Chinese Laws and Chinese Legal Systems (LAWS6001)

UNIT OF STUDY

This unit will provide students with an overall picture of the modern Chinese legal system. It will develop a perception of its unique character by tracing its role through major social epochs and the role of law in a socialist market economy. It will examine the concept of law as a political function and the implementation of law, not so much through courts, as through administrative fiats and authority, making law essentially a function of politics and administration. The unit will illustrate these perceptions through the study of various legal regimes. Lecture topics may include: Chinese legal history; Chinese legal system; criminal law and procedure; constitutional law; civil law and procedure; legal profession; environmental law; contract law; property law; company law; intellectual property law; foreign joint ventures; arbitration and mediation; foreign trade law and taxation law. The coursework component of the unit is residential and is conducted on the campus of the East China University of Politics & Law in Shanghai, People's Republic of China. Lectures will be given in English in Shanghai by professors from the East China University of Politics & Law. There will also be a visit to a Chinese law firm.
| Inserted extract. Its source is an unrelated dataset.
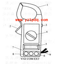 1-鉗頭2-鉗頭扳機(jī)3-保持開(kāi)關(guān)4-旋轉(zhuǎn)開(kāi)關(guān)5-顯示器6-絕緣測(cè)試附件接口7-公共地端8-電壓電阻輸入端9-手提帶

Further unit of study information

Classes

Nov 22 to Dec 11

Assessment

2hr exam to be completed in Shanghai (30%) and 8000wd essay (70%) due in February

Faculty/department permission required?

Yes

Unit of study rules

Prerequisites and assumed knowledge

Assumed knowledge: LAWS6252 or a law degree from a common law or civil law jurisdiction

Prohibitions

LAWS3068, LAWS3014, LAWS6857, LAWS5368

Study this unit outside a degree

Non-award/non-degree study

If you wish to undertake one or more units of study (subjects) for your own interest but not towards a degree, you may enrol in single units as a non-award student.

Cross-institutional study

If you are from another Australian tertiary institution you may be permitted to underake cross-institutional study in one or more units of study at the University of Sydney.